I guess both of these things, like a number of others, are loosely driven by a combination of integrated circuit technology and economics. But the fact that they are so close seems surprising. Maybe there is some kind of weird technology central limit theorem thing going on.
I think there might be a cause & effect thing kicking in here. The data volume grows at the same rate as the hard drive capacity, at least to first order(ish), because the people designing the instruments assumed that by the time they were finished hard drives would be a certain size if they continued to grow in size as they historically always had done.
The correlation might not be chance, it might be by design.
Alasdair – that must be part of the answer, but it still surprises me. For example VLT has many instruments with quite different data rates, and we wouldn’t know in advance which would dominate; and its not clear that instrument designers always try to max out their data volume; that would be part of the compromises with other expense drivers. There are many different factors. Hence my “bit like central limit theorem” niggling feeling.

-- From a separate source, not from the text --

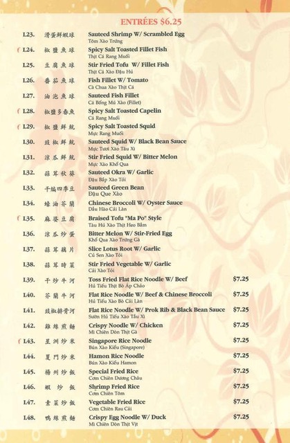 周一至周五,金冠有物美价廉的特价午餐,价格从 $5.75到$7.25不等。

Predicted data rates and decisions on which instrument/detector modes to officially offer to the community (i.e. those that get automatically archived) are all part of the PDR/FDR process when you’re building an instrument for ESO. So the correlation is most definitely planned. They will decline to offer high data rate detector modes if they think there’s only a very narrow scientific justification, for the sake of the archive size.
Interesting blog post!
I did some trend fitting on this a while ago for fun. I found that pixel counts of optical surveys are increasing by about +26% per year, which is even slightly slower than the increase in disk I/O which has been +28% per year since ATA1.

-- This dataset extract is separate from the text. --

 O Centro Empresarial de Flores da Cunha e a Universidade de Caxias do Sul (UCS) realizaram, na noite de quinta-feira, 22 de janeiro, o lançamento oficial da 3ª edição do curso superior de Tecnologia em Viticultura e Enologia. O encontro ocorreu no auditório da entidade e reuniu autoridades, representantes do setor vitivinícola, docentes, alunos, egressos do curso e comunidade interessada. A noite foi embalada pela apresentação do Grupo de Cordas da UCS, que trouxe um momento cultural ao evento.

Pixel counts: http://dl.dropbox.com/u/30396109/ccdexp.pdf
Disk I/O: http://dl.dropbox.com/u/30396109/diskspeed.pdf
In contrast, Moore’s law is hanging in at +42% / yr (transistor counts) while I found that UK+US academic network backbones grew at +57% / yr since 1993. I hope to post these graphs on arXiv soon.
I suppose optical pixel counts are growing so slowly because they are limited by telescope aperture, rather than transistor tech?
I’d agree that the increasing diversity and heterogeneity of projects is a different challenge, which does make a strong case for the VO!
Geert – very interesting, thank you. Your graph on disk I/O might seem discrepant with my claim that this hasn’t improved, but in fact we are talking about different things. Max bandwidth from sequential reads has improved, but in most real world circumstances you are limited by seek time and latency. These have improved by only about a factor 3 over twenty years, as shown here
That’s a good point! I suppose one could argue that solid state disks will solve latency, but then surely another bottleneck could be named (e.g. single memory bus for N cores?)
Also, max I/O bandwidth increasing at the same speed as the number of survey pixels is not something to be happy about; I want my code to have quick and easy access to all of a survey’s pixels 🙂
It will be interesting to see how ALMA affects this. Those data sets will be so much larger than what we’ve had it is a real problem just knowing how to handle the data.
…at the moment ALMA appear to be addressing this problem by not releasing the data to the community.
and from what i hear – EVLA have solved it by only retaining 1 second from every 3 seconds of integration.
Sadly, the amount of info (even communication) from ALMA does seem extremely stunted, I agree.
its getting beyond a joke – i know data was taken ~3 months ago for a project i’m on – but no sign of the data yet (it’s not complicated observations: just 2 minute continuum maps). plus i was told that i shouldn’t have been told that data had been taken… its all a little weird.
Is that what they mean by “data reduction”?
I remember many years ago Jasper Wall pointing out that there was a similarly precise agreement between the time dependence of the price of fish in London and the size of Chinese feet. Coincidences do happen.
It’s a pity you don’t have ESO data prior to 1990, since that’s when the size of disks takes off. This was for a completely different technological reason than the factors driving numbers of transistors, so one might have expected different trends at early times. At later times, it’s plausible that disk capacity is a factor: we didn’t get bigger CCDs, but just mosaiced more of them together, and the size of a mosaic might be driven by whether you think you have space to store the stuff.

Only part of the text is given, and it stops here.